With only 6% of Canada able to grow food on classes 1 to 3 land , and of this only a few million acres (0.5%) being class 1 land i.e. without any significant limitations for growing food, Niagara's special land base of 15,000 acres of tender fruit land and between 15,000 and 20,000 acres of grape land is a minuscule and very precious resource, regionally, provincially and nationally.
Even within Niagara, where most of the farmlands are classes 1-3, the predominantly class 1 fruit lands comprise only 15% of a total farmland base of 232,817 acres. Yet in 1996 they were responsible for 86% of the grapes and 82% of tender fruit produced in Ontario. To-day, 80% of Canada's grapes are grown in Niagara and tender fruit generated $40 million of the approximately $511 million in gross farm sales in 2001 and nearly $200 million of the nearly $11.8 billion in region-wide economic impacts.
In reviewing these impressive farm outputs, from such a scarce resource, it becomes apparent that Niagara fruit lands are very special and must be protected for future generations. This has been PALS task for almost thirty years, as a plethora of urban uses and abuses have threatened to diminish and even wipe out the fruit lands.
As stated in the early 1950's, by then Premier Leslie Frost " The fruit land of Niagara is doomed to vanish under industrial encroachment.
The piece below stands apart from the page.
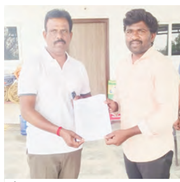
బీయాడబ్ల్యూజే ప్రతినిధులు ఎమ్మెల్యేను కలిసి జర్నలిస్టుల పాల్ కార్కుల సమస్యపై మినీ వర్తం సమర్పిస్తున్న దృశ్యం

We can't stop progress." Indeed by 1976 when PALS was formed, over a third of the fruit land was within municipal boundaries and a further third threatened by urban shadow. This rampant urban sprawl was halted in 1981, when at the end of a three year set of hearings, where PALS defended the land against a myriad of developers, municipalities and lawyers, the Ontario Municipal Board, determined restrictive urban boundaries for Niagara and declared that they should be "permanent" where they abutted tender fruit and grape lands.
With one significant exception, the over 500 acre expansion of the urban boundaries of the fruit growing area and Pelham on the Fonthill Kame in 2001, these boundaries have held, although the continued rapid rate of dividing the land through severances and other urban uses has threatened to bring a "death by a thousand cuts" to the unique fruit lands of Niagara.
Two recent governments have recognized the fragility of the land base, and made important plans to protect it for future generations of the public and farmers. First, in 1994, at the urging of PALS, the NDP Government of Ontario announced the Tender Fruit Land Program, which would have paid farmers to place restrictive covenants on their land, to protect it "in perpetuity." Linked with this visionary move they enacted strong Provincial Policy prohibiting development on all "specialty " crop lands such as these. The Tender Fruit Land program was cancelled by the incoming new government in 1995, just as the first restrictive covenants were to be place on the land.
Over the next ten years the 'bit -by - bit' urbanization of the unique fruit lands continued unabated, and cities within Niagara , such as its largest, St. Catharines, seemed anxious to ease their growth pangs through expansions onto fruit land.. In 2004, these extreme urban pressures were recognized by the Liberal Government, which acted to freeze development in Niagara , as part of its Greenbelt Plan. As of March 2005, the Government's Greenbelt Act ( Bill 127) the Provincial Policy Statement (PPS) and Growth Management Act (Bill 135). are indicators of its strong intent to protect Niagara fruit lands.
Nevertheless, PALS knows from past experience that legislation and policies can be "rolled back" . and that there is the ultimate need for the use of "restrictive covenants " on these , the best lands in Canada, if they are to be permanently protected for future generations, for once gone, they can never be replaced.